Requirement -
Each line below should be repeated exactly, but no picture should be carried over.

Stored data -
◆ ◆ ◆ ◆ ◆
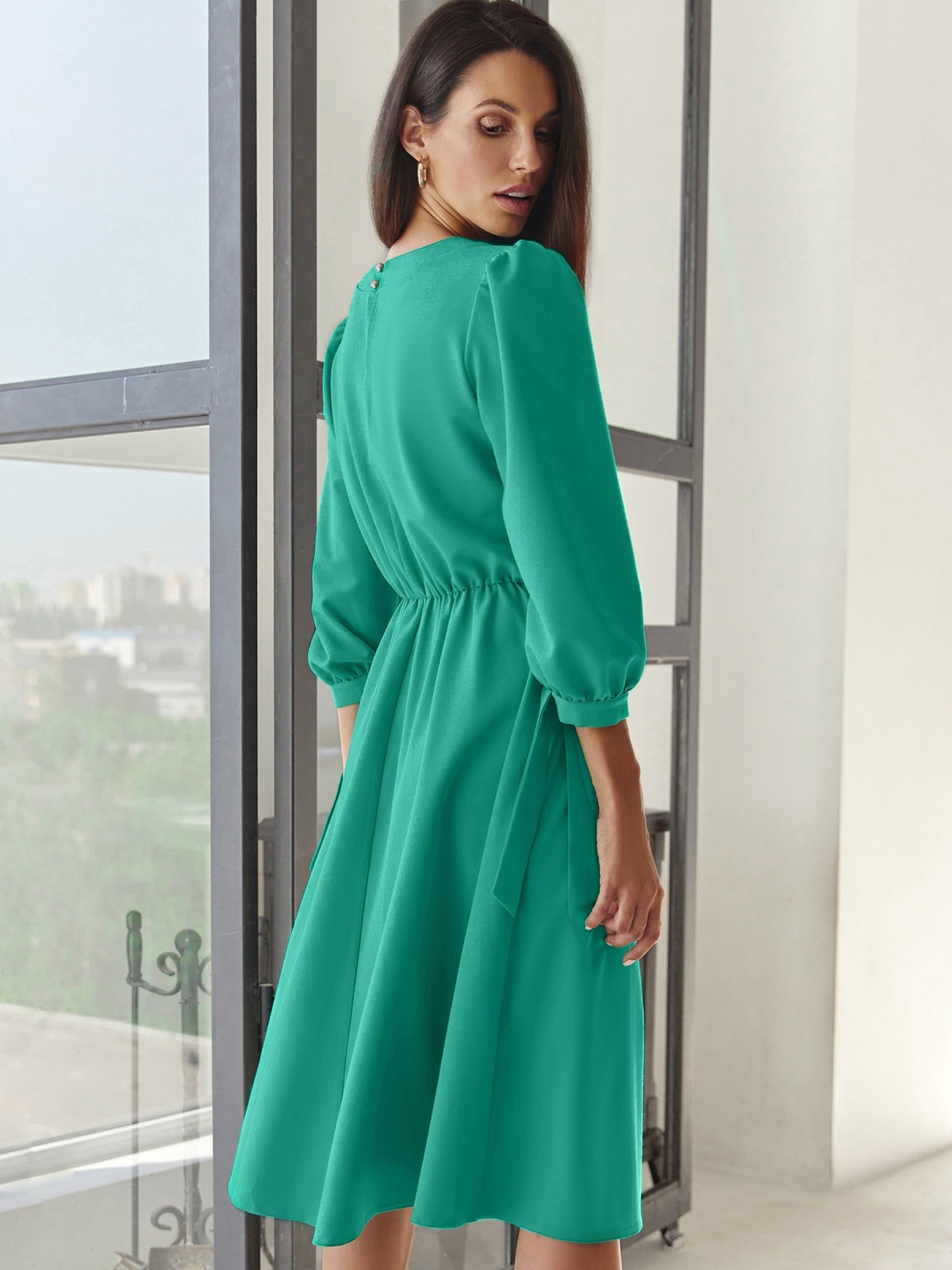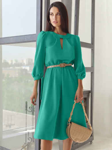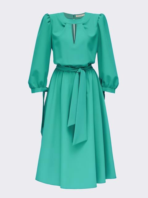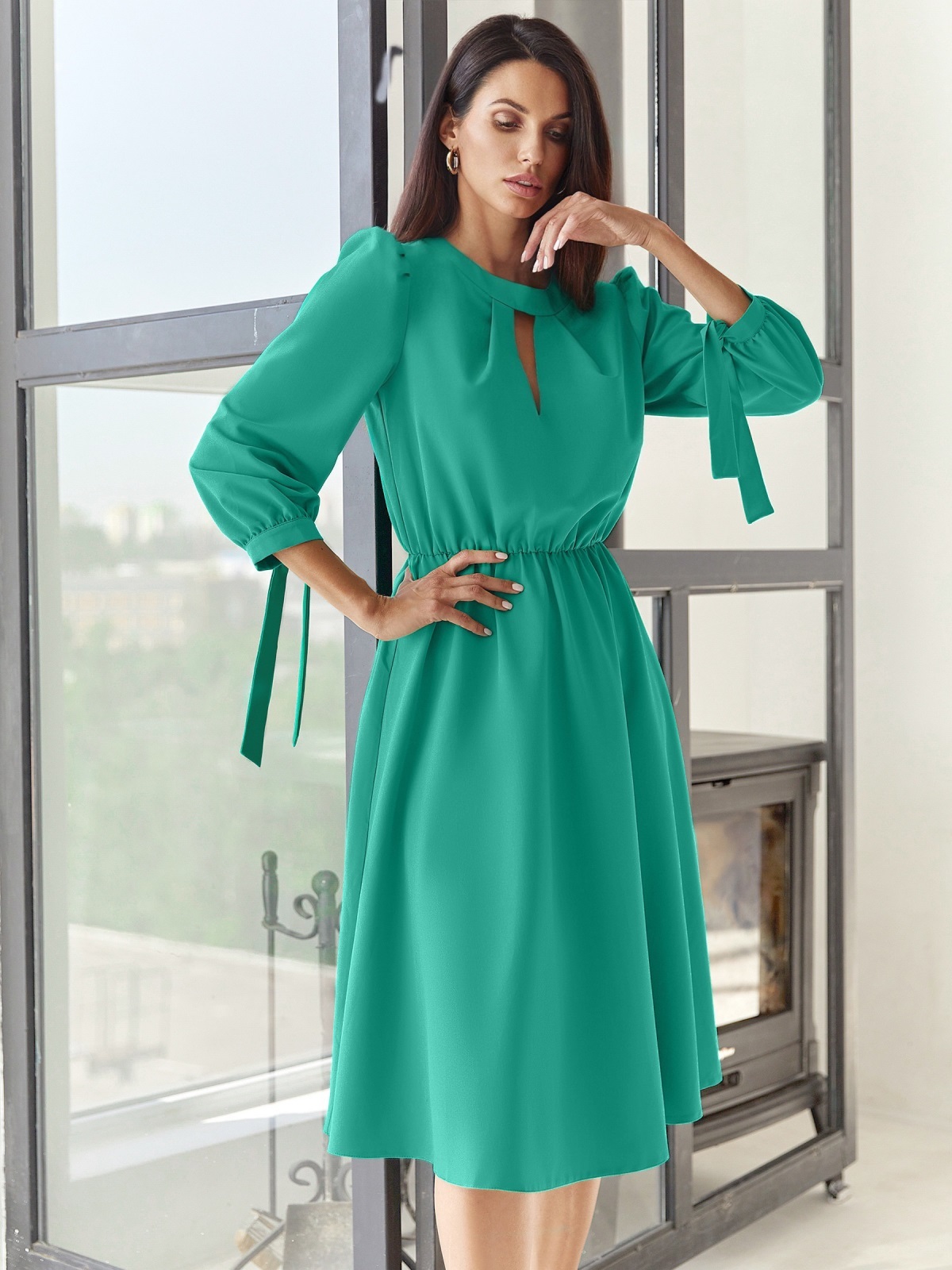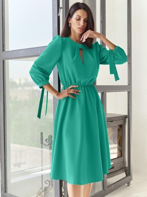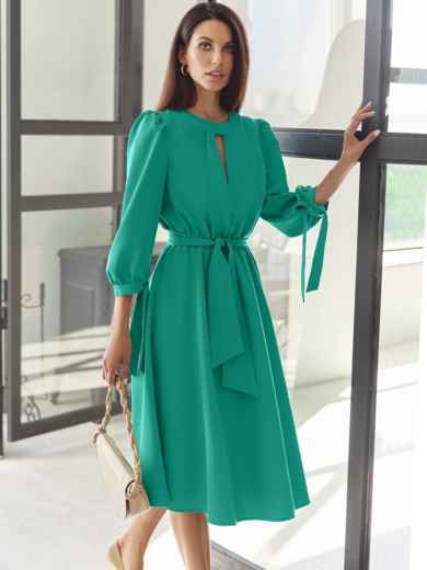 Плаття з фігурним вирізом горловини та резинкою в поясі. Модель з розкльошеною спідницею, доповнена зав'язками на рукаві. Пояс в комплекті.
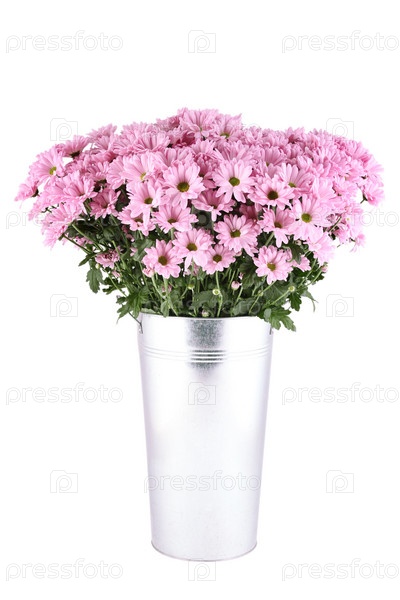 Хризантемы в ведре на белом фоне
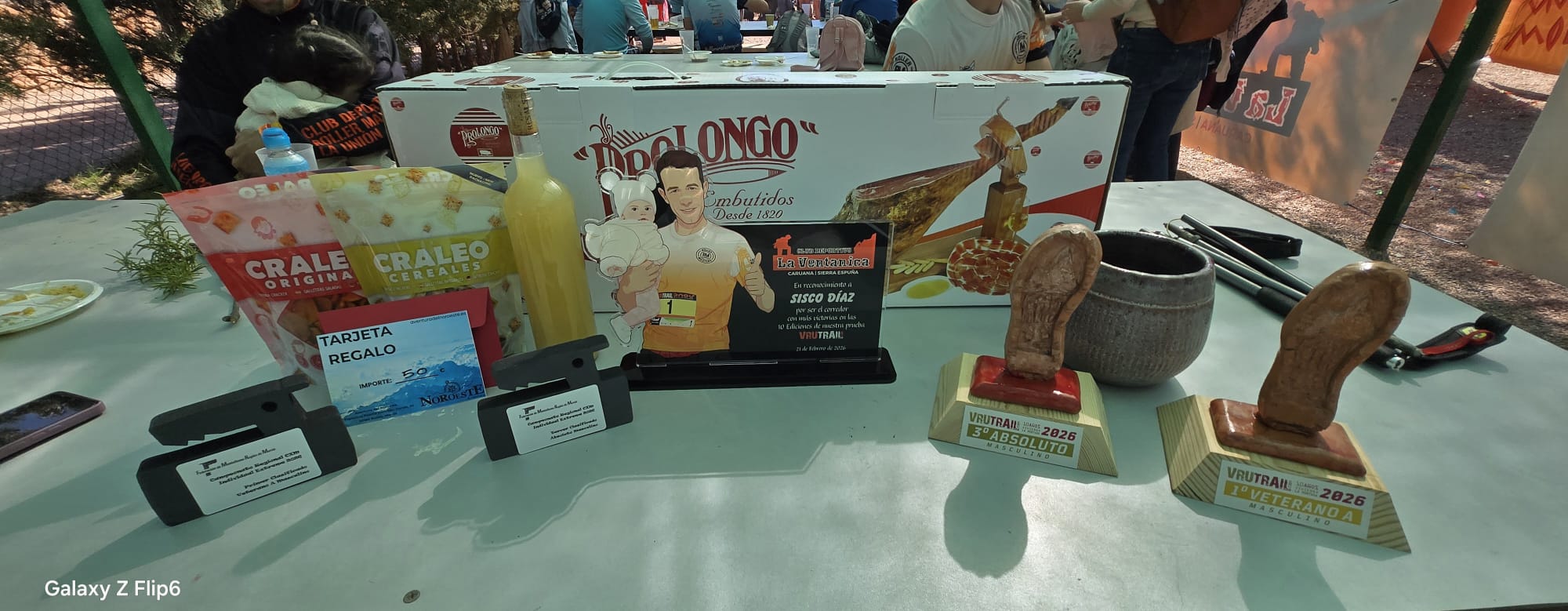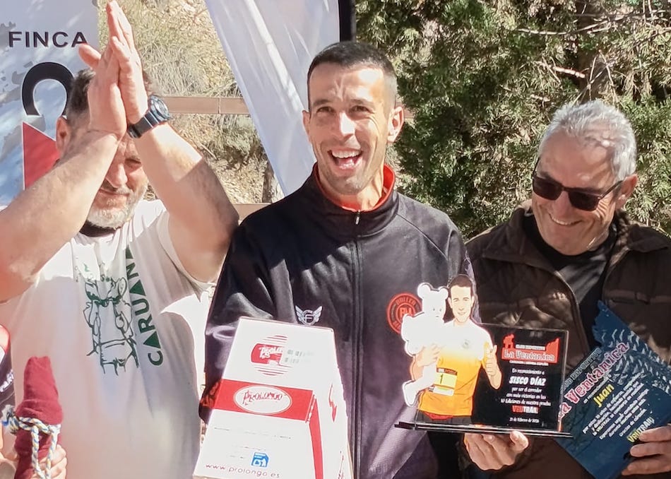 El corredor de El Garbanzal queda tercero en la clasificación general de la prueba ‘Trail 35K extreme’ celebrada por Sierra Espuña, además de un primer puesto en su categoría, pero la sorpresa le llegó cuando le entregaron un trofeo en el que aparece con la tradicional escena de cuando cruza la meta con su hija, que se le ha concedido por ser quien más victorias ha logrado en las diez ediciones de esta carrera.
◆ ◆ ◆ ◆ ◆
Output of the task -
 Плаття з фігурним вирізом горловини та резинкою в поясі. Модель з розкльошеною спідницею, доповнена зав'язками на рукаві. Пояс в комплекті.
 Хризантемы в ведре на белом фоне
 El corredor de El Garbanzal queda tercero en la clasificación general de la prueba ‘Trail 35K extreme’ celebrada por Sierra Espuña, además de un primer puesto en su categoría, pero la sorpresa le llegó cuando le entregaron un trofeo en el que aparece con la tradicional escena de cuando cruza la meta con su hija, que se le ha concedido por ser quien más victorias ha logrado en las diez ediciones de esta carrera.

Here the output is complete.